Другие четыре способа из приведенного выше списка включают в себя активное участие во взаимоотношениях с другими людьми. Альтруистическое служение другим, именуемое на санскрите сева,приходит ко многим людям естественным образом; этот факт ставит в тупик сторонников идеи «эгоистичного гена», которые полагают, что альтруизм возможен только между людьми, имеющими общее генетическое наследие. Этот метод был практикой Матери Терезы, которая выражала в служении людям свою любовь к Христу – и это было прекрасное выражение. Для служения необходимо жертвовать собственными эгоистическими потребностями и желаниями, а это – прямое оскорбление солипсизма эго. Свободное излияние любви знаменует пробуждение сострадания – а сострадание составляет неотъемлемую часть практики сото дзэн.
В Америке под влиянием мифа о ценности грубого индивидуализма и рыночной экономической системы отношений мы почти утратили институт мужской дружбы. В рыночной модели человек оценивает отношения посредством анализа затрат и результатов. К счастью, тенденция применять подобные прагматические критерии к дружбе начинает ослабевать, о чем, возможно, говорит популярность недавней работы поэта Роберта Блая о связях между мужчинами. Еще одно серьезное затруднение для дружбы создает требование эффективности. Дружба не всегда бывает эффективной. Она нередко включает в себя самопожертвование, отказ от ограничений эффективности и времени, выход из кокона эго. Американские женщины традиционно были в меньшей степени связаны рыночной экономической моделью отношений. Однако в настоящее время такая тенденция растет, поскольку все больше женщин работают в рыночной системе, пытаясь делить свои время и силы, чтобы удовлетворять требованиям как карьеры, так и дома. Если женщины сумеют противиться этой тенденции, то смогут привнести в рыночную систему свою способность к преданной дружбе и научить мужчин тому, как сделать их экономические отношения более человечными и снова быть друзьями.
Отношения между мужчиной и женщиной
Вследствие биологических различий интимная близость представляет собой уникальное испытание в отношениях между мужчиной и женщиной, обладающее огромной действенностью для прорыва через границы эго.

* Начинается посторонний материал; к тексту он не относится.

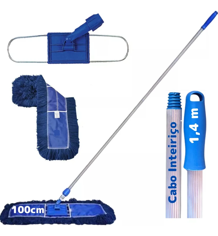 O Conjunto Mop Pó Limpeza Seca Starclean 100 cm é composto por:1 Armação;1 Refil de fios sintéticos ;1 Cabo de alumínio com diâmetro de 24mm.Medidas:Cabo Comprimento de 1,40Conjunto - 100cmARMAÇÃO:Produzida em polipropileno de alta resistência com estrutura em aço galvanizado.Para fixação do refil mop pó, suporta as mais variadas situações de trabalho proporcionando excelente durabilidade.Seu sistema de cabos com angulação aumentam a produtividade além de permitir a limpeza em locais de difícil acesso.CABO:Fabricado em alumínio anodizado.Oferece excelente durabilidade e ergonomia ideal, pois permitem ao operador manter a postura ereta.Pode ser facilmente higienizado.REFIL MOP PÓ:Produzido com fios sintéticos que durante a limpeza geram estática recolhendo todo o pó e sujeira.Seu desenho retangular e plano auxilia na limpeza, sendo possível alcançar os cantos e em baixo de móveis.Benefícios:A altura de 1,40 m favorece a postura correta do operador, otimiza a produtividade e evita danos a saúdeEvita a utilização de cabos de madeira que absorvem umidade e favorecem o aparecimento de germes e bactérias, além de apodrecerem com maior rapidez.Instruções de uso:Verificar sempre se a superfície a ser limpa não está úmida.Começar a limpeza do piso sempre paralelamente a uma das paredes e conduzir o mop para frente até o final da mesma.Retornar com o mop paralelamente ao local que foi passado sempre o conduzindo para frente sem levantá-lo do chão.
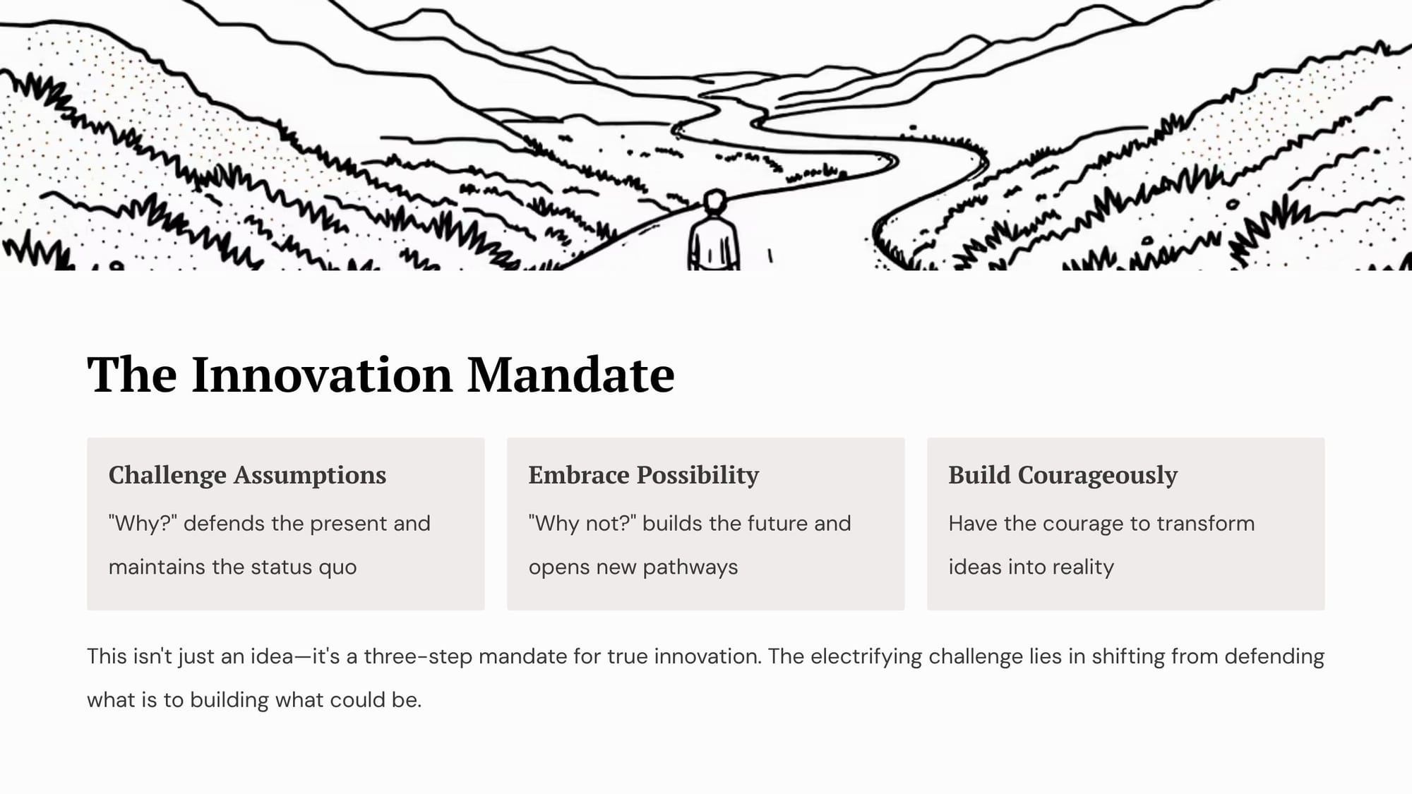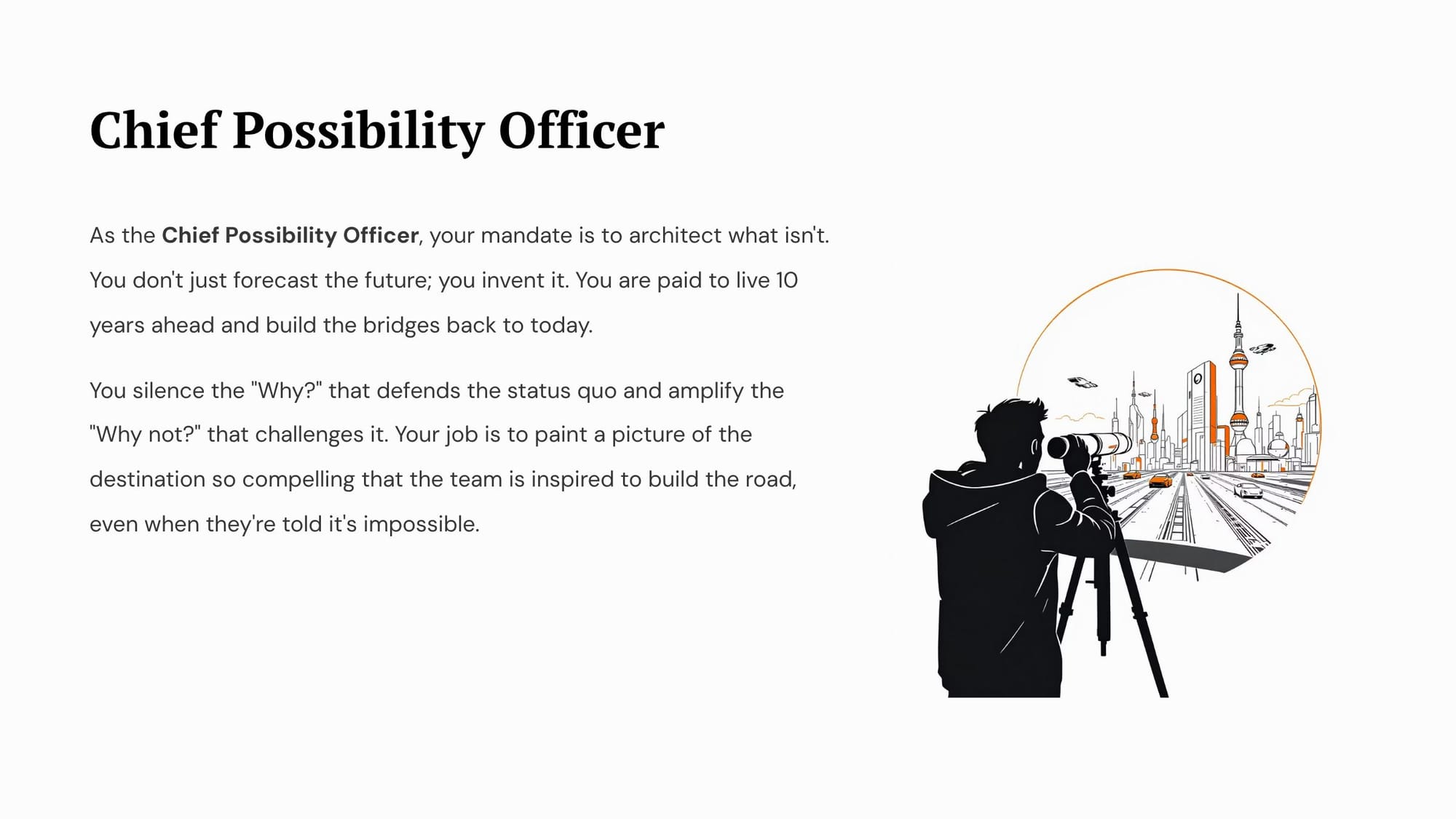 As the Chief Possibility Officer, your mandate is to architect what isn't. You don't just forecast the future; you invent it. You are paid to live 10 years ahead and build the bridges back to today. You silence the "Why?" that defends the status quo and amplify the "Why not?" that challenges it. Your job is to paint a picture of the destination so compelling that the team is inspired to build the road, even when they're told it's impossible.

Близкие отношения с человеком того же пола в определенном смысле легче вследствие наличия общего опыта, присущего всем мужчинам или всем женщинам. Но мужчина и женщина, подвергающиеся разному биологическому и социальному обусловливанию, практически принадлежат к разным культурам. С точки зрения архетипов Юнга (анимы – женского опыта, подавляемого у мужчины, и анимуса – мужского опыта, подавляемого у женщины), следствием требований формы становится подавление, которое вызывает глубокое противоречие в нашей способности общения с противоположным полом.
В «Пире» Платона есть мистическая история. Первоначально люди были двуполыми существами с двумя наборами рук, ног и половых органов. Но сила этих двуполых существ была так велика, что боги боялись, как бы они не узурпировали привилегий небес. Поэтому Зевс разделил существа надвое. С тех пор разделенные люди вечно ищут свои недостающие половины. Эта история метафорически выражает имеющееся у нас бессознательное побуждение сделать бессознательные архетипы анимы или анимуса сознательными, чтобы мы могли быть цельными. Но бессознательное побуждение не только инстинктивно – оно также представляет собой эрос личного бессознательного, о котором писал Фрейд. Эрос усиливает творческая способность, исходящая от коллективного бессознательного.
Где-то на пути близости между двумя преданными друг другу людьми пробуждаются анима в мужчине и анимус в женщине, и, в результате, для них обоих становится возможным переход на уровень буддхи. Подумайте об этом. Причина солипсизма эго в том, что, в действительности, для человека не существует никакого локального способа ставить себя на место кого-либо другого [91]91
С другой стороны, по мнению Мида (Mead), само человеческое сознание имеет диалогическую природу и основывается на способности человека ставить себя на место другого.С этой точки зрения эго, как «объективная самость», представляет собой результат принятия позиции «другого» по отношению к самому себе.Подробнее об этом можно прочитать в упоминавшейся выше книге Г. Ханта «О природе сознания...». – – Прим. пер.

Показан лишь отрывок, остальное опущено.